(ABOUT THIS EXERCISE):
In the material below, find the line containing "in a new tab." and the line containing "Käytetty nostin. Malli". Output those two lines and all lines between them exactly, without pictures.

__________

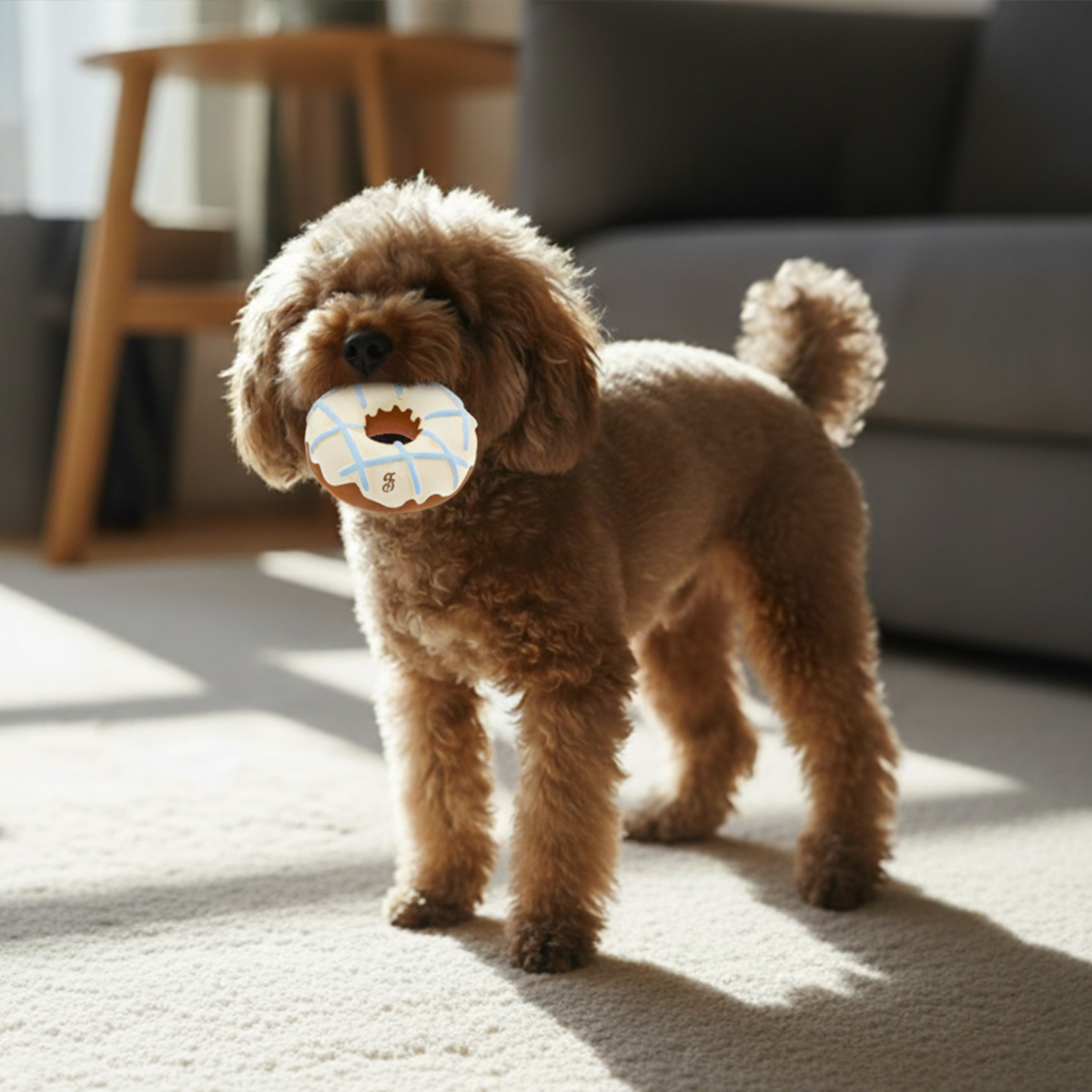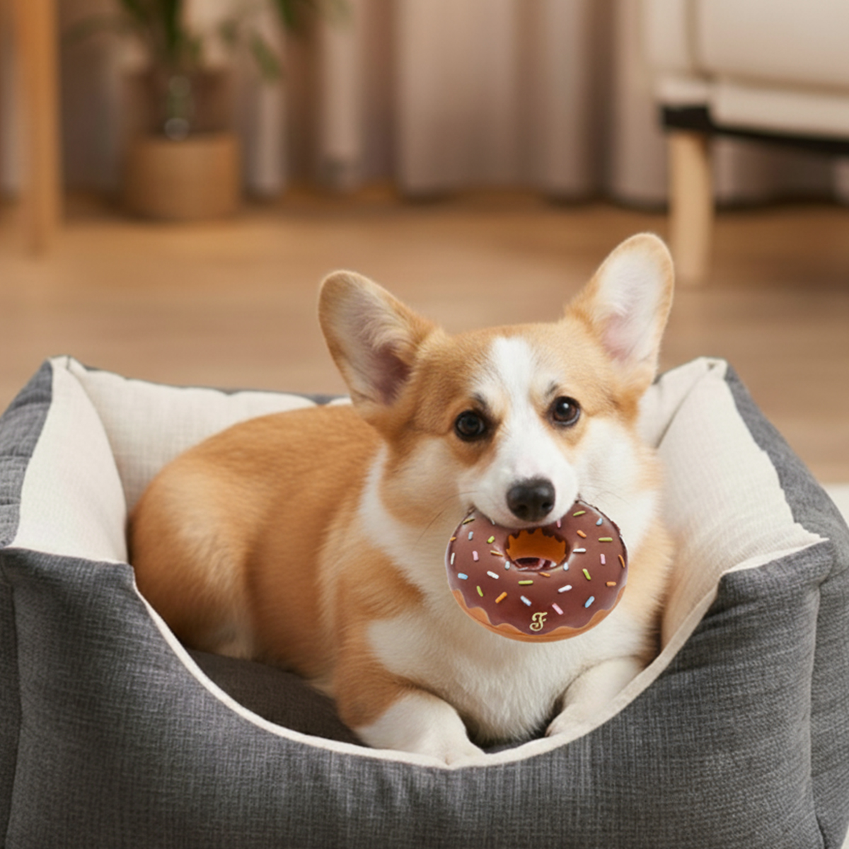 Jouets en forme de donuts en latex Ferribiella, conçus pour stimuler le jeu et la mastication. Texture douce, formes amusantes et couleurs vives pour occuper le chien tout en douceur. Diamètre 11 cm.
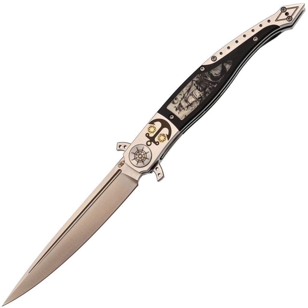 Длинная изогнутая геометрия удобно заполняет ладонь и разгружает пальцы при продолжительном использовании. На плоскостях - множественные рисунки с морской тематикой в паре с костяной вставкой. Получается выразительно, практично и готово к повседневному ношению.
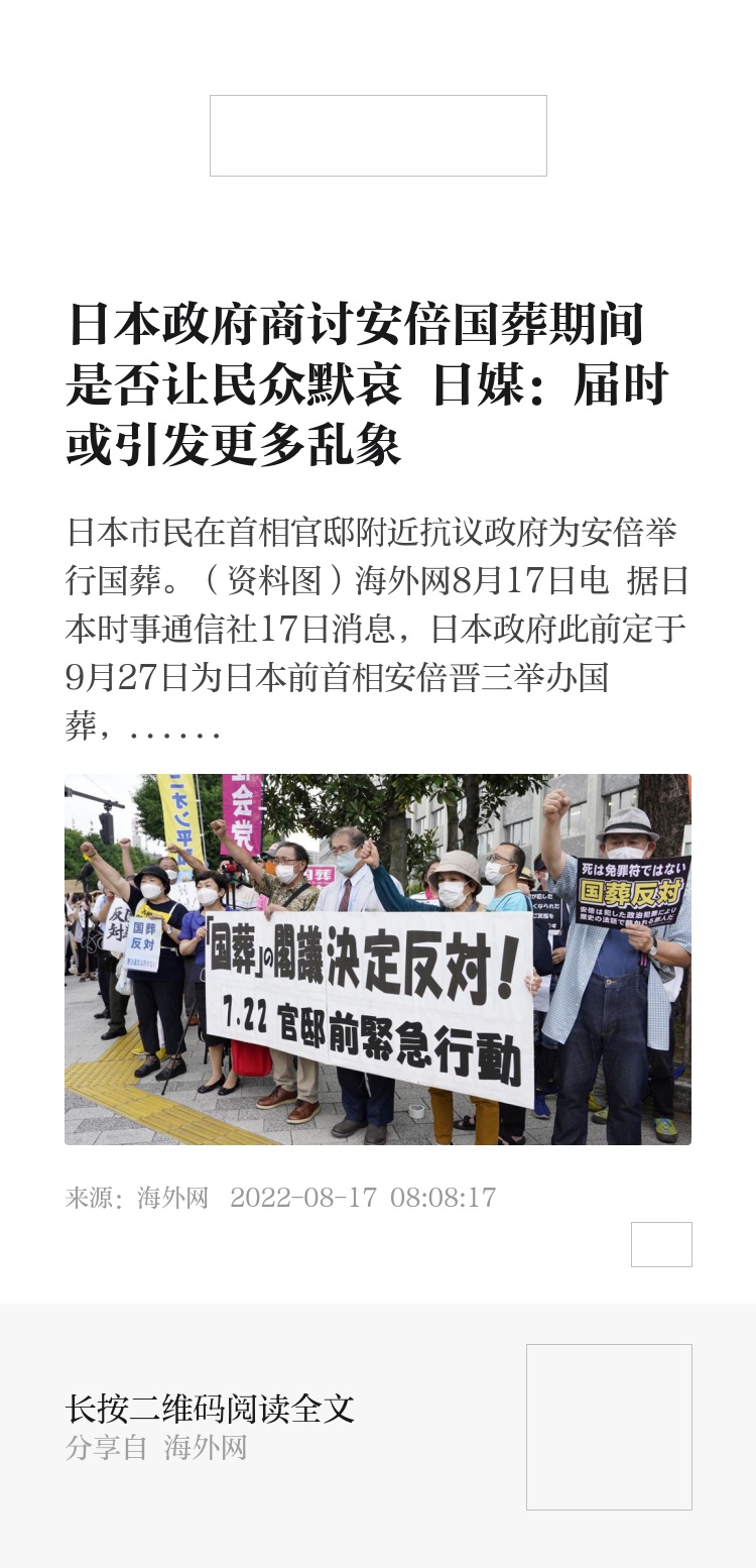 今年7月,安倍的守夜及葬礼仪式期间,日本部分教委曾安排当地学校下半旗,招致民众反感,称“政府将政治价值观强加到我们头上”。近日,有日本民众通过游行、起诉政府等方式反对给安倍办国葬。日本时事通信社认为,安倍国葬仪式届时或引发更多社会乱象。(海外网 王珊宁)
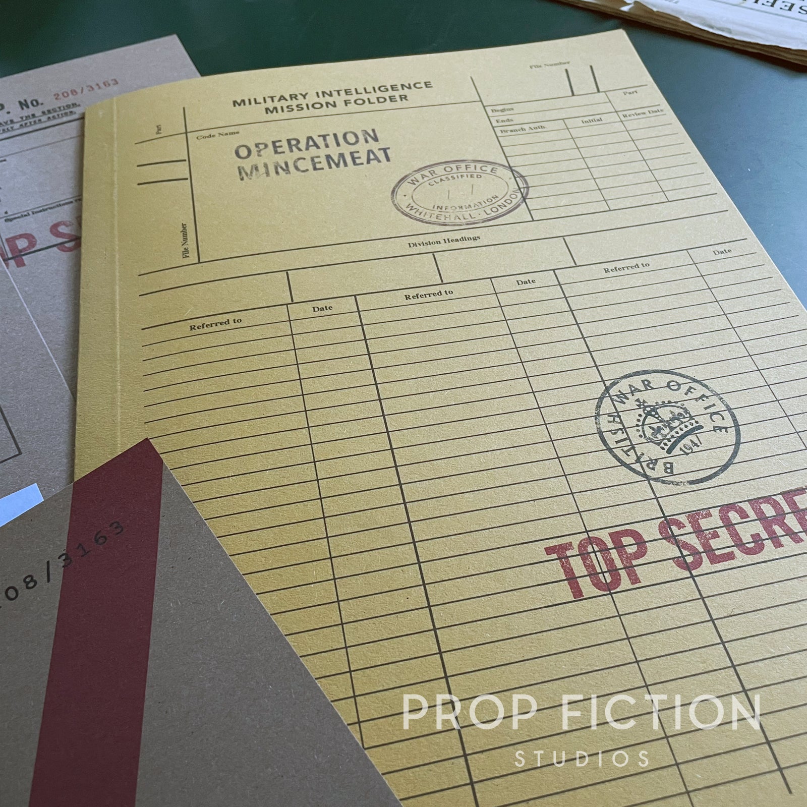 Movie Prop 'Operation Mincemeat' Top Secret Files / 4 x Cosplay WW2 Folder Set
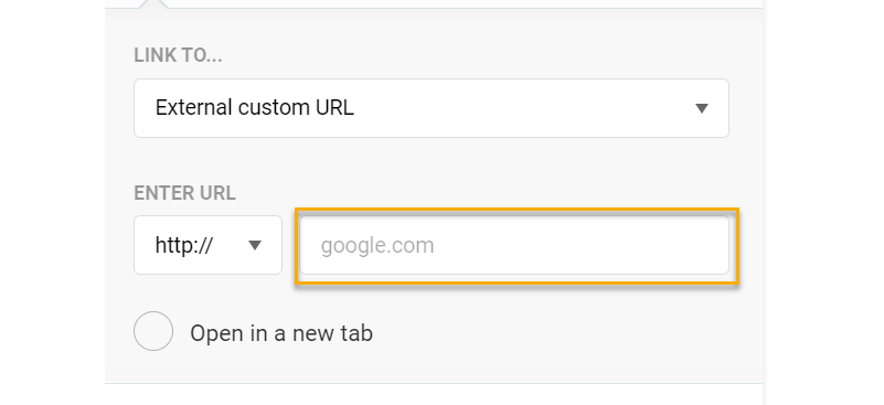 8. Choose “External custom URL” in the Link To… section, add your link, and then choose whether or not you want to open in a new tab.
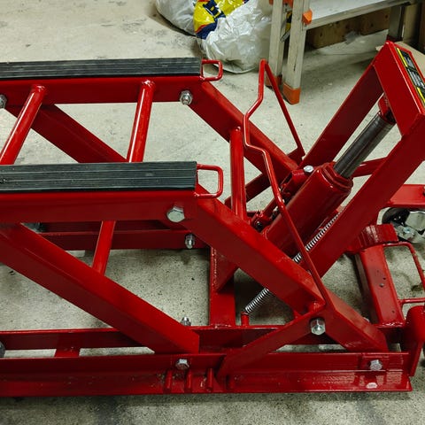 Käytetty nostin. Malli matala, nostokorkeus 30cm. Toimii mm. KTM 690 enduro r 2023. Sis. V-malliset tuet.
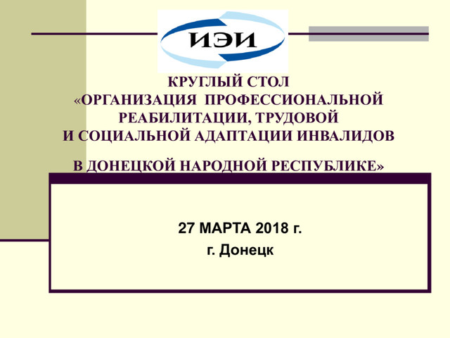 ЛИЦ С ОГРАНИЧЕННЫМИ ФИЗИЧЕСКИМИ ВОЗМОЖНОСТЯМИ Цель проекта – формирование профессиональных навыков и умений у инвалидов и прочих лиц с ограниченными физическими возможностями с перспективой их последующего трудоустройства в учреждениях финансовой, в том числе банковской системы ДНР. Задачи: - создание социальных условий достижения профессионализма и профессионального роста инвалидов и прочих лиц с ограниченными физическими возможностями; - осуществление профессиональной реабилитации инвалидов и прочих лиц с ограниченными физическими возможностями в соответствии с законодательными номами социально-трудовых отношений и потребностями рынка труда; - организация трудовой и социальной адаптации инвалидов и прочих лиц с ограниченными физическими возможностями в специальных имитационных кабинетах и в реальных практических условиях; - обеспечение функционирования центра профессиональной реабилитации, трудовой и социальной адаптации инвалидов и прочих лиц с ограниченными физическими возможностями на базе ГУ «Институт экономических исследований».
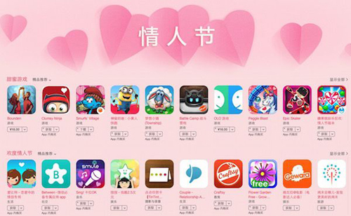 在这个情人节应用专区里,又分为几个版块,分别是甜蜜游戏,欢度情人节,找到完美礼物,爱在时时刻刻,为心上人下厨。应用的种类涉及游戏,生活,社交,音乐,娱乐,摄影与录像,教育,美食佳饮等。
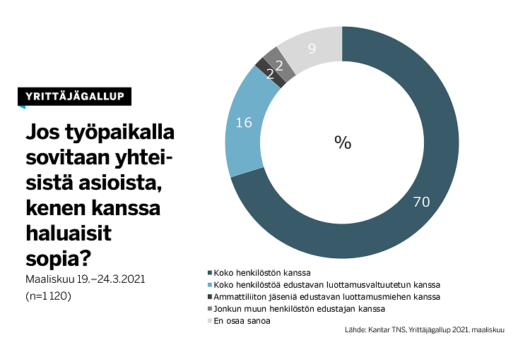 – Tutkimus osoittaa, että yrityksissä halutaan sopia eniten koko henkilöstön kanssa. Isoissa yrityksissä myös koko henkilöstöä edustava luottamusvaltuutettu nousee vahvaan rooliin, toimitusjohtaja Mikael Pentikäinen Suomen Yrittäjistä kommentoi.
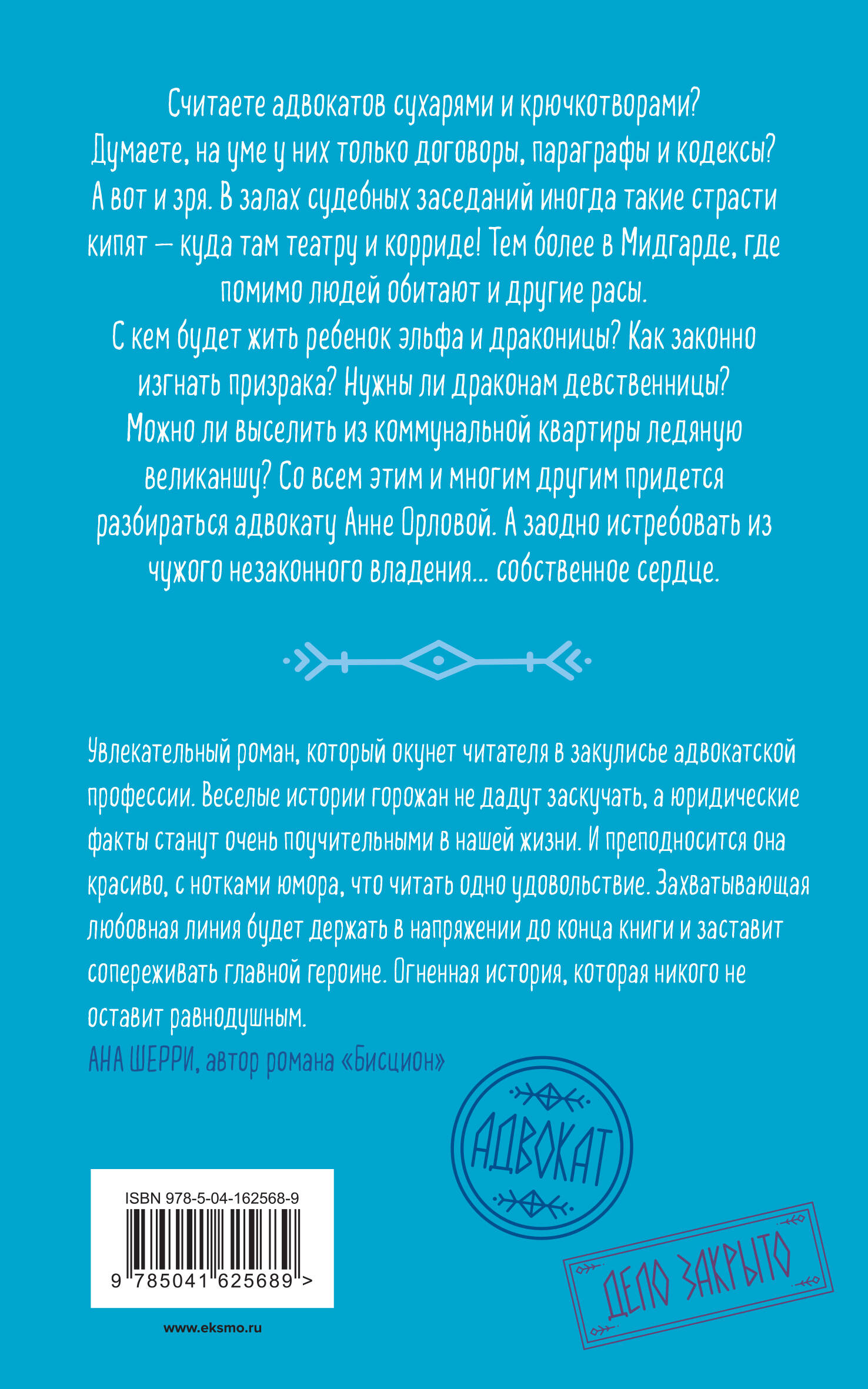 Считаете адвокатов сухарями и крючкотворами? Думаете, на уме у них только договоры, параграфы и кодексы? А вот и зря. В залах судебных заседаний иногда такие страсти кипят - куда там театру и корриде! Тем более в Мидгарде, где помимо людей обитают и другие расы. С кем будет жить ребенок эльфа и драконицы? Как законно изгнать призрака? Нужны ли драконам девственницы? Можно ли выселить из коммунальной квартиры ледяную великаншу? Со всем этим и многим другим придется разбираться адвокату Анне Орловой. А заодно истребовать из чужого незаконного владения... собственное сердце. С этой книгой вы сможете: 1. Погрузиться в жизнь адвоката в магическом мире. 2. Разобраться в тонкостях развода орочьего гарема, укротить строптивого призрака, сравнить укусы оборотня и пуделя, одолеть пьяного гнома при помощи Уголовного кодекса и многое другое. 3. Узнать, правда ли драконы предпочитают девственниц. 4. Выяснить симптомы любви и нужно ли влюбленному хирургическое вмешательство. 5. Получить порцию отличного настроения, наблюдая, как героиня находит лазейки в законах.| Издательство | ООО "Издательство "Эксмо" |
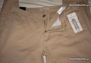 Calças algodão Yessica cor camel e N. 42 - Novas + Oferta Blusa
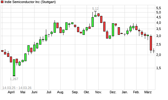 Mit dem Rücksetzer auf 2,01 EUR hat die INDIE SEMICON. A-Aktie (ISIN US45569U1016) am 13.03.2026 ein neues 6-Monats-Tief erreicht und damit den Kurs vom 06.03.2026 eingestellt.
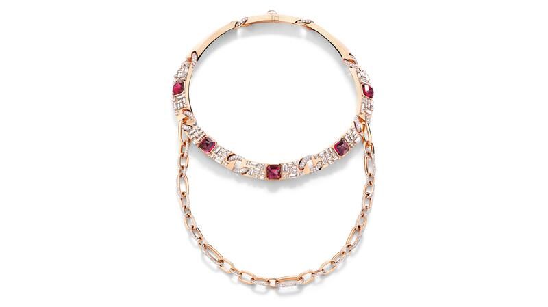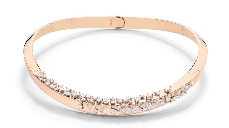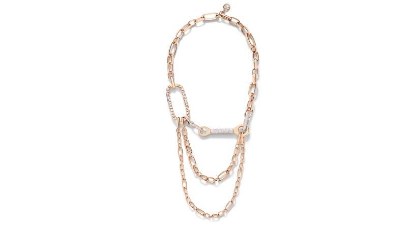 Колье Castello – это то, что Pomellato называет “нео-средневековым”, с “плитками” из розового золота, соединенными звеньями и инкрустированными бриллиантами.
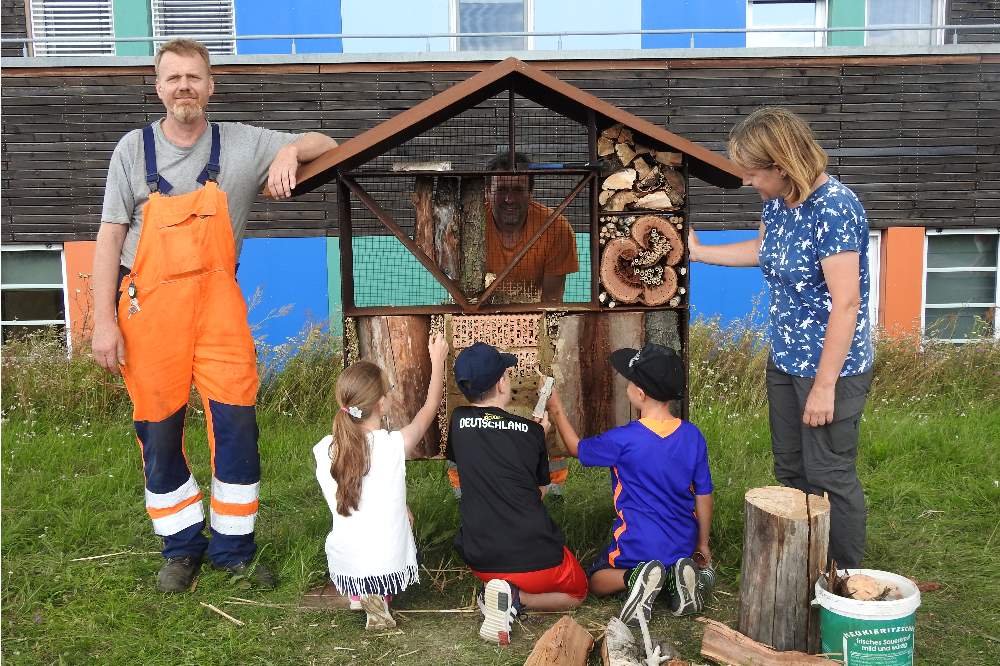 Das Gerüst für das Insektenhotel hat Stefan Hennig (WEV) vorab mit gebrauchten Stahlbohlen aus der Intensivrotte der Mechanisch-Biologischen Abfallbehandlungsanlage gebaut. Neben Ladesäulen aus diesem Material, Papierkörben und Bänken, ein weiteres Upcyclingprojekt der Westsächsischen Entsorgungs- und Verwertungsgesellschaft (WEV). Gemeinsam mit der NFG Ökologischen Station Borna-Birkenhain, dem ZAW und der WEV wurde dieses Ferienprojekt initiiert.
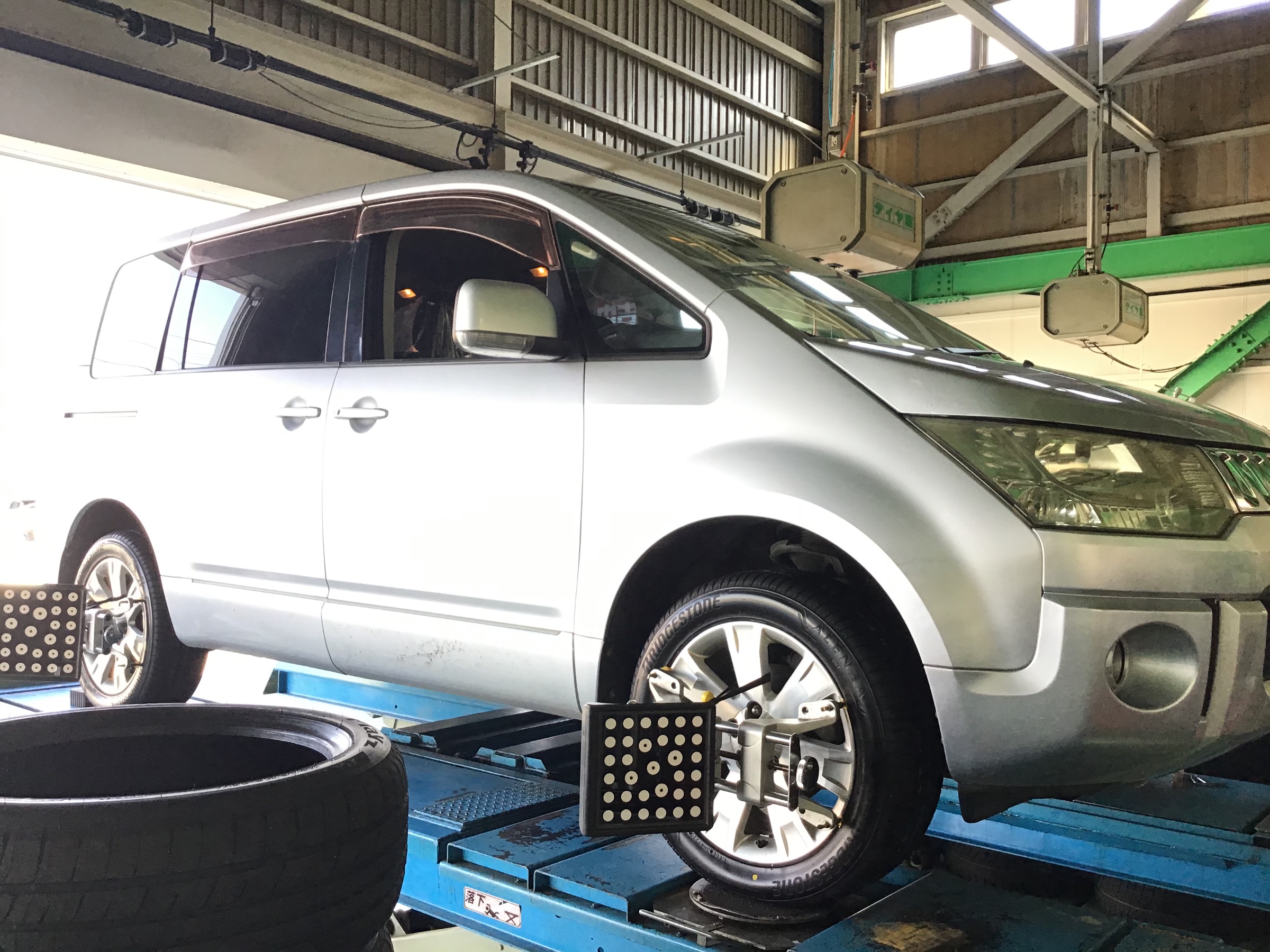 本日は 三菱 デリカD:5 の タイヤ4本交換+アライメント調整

__________

(RESULT):
 8. Choose “External custom URL” in the Link To… section, add your link, and then choose whether or not you want to open in a new tab.
 Käytetty nostin. Malli matala, nostokorkeus 30cm. Toimii mm. KTM 690 enduro r 2023. Sis. V-malliset tuet.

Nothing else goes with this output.